This is a resource guide that synthesizes what has been learned over the past decade about keeping students on the graduation path. It highlights the importance of four key transition points
- the early years of schooling,
- the transition to the middle grades,
- the transition to high school, and
- the transition to college and careers.
It argues that students who successfully negotiate these transitions typically go on to graduate from high school. It demonstrates how many students may need academic and social supports to successfully negotiate these transitions and provides communities with insight into what these supports are and how they can be provided.
What Your Community Can Do was written for the National Dropout Summit held in Washington DC in May of 2007.
Many communities in the United States face a silent epidemic-year after year, one third to half or more of the primarily low-income and minority students they educate in their public school systems fail to graduate from high school. Decades ago, this would not have been a crisis. Factory jobs provided an avenue for employment and upward mobility for young adults without high school degrees. Today, the unemployment rate for young adults without a high school diploma is staggering. As a result, failure to graduate from high school has become a ticket to the underclass. For a single individual this can be tragic, but when the majority or near majority of students from entire neighborhoods and communities fail to graduate, the social and economic costs are profound and far reaching.

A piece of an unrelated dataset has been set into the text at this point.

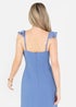 At Anaya with Love each item is consciously designed and made with 100% recycled fabric allowing you to embrace both style and sustainability. Designed to bring radiance to every special occasion, this ocean blue maxi dress is a standout favourite this season. Crafted from lightweight and breathable fabric, it features a flattering V-neckline and a ruched bust that beautifully frames the empire waist silhouette. Ruffled shoulder straps add a romantic touch, while a thigh-high split adorned with cascading ruffles creates fluid movement and effortless style. Pair this blue maxi dress with silver jewellery and strappy heels for an elevated holiday look.

It does not have to be this way. We know enough about who dropouts are, why they drop out and how to prevent it to help communities confront and stop their dropout crisis. Over a decade’s worth of research, development and direct action confronting the dropout crisis indicates that, while it will not be easy, quick or cost-free, this is a crisis that can alleviated by a combination of effort and policy. Moreover, it is worth doing. Pick your issue – improving the economic vitality of your community, cutting its crime rate, reducing its social welfare costs, expanding its middle class, reducing concentrated poverty, or achieving social justice – stopping the dropout crisis in your community is a means to achieve it.
The following is offered as roadmap or practical advice on how to begin. Like all advice it should be taken with a grain of salt. Each community is different and I can only report on what I have read and learned, so this knowledge and experience must be integrated with local facts and the characteristics of each community. The advice is based on what is known at the national level about the nature of the dropout crisis and how it
can be prevented, experience over the past decade working with middle and high schools that serve low-income students in more than 30 communities to implement the Talent Development Middle and High School whole school reform models, and operation of the Baltimore Talent Development High School, an Innovation High School in the heart of one of the highest poverty neighborhoods in America.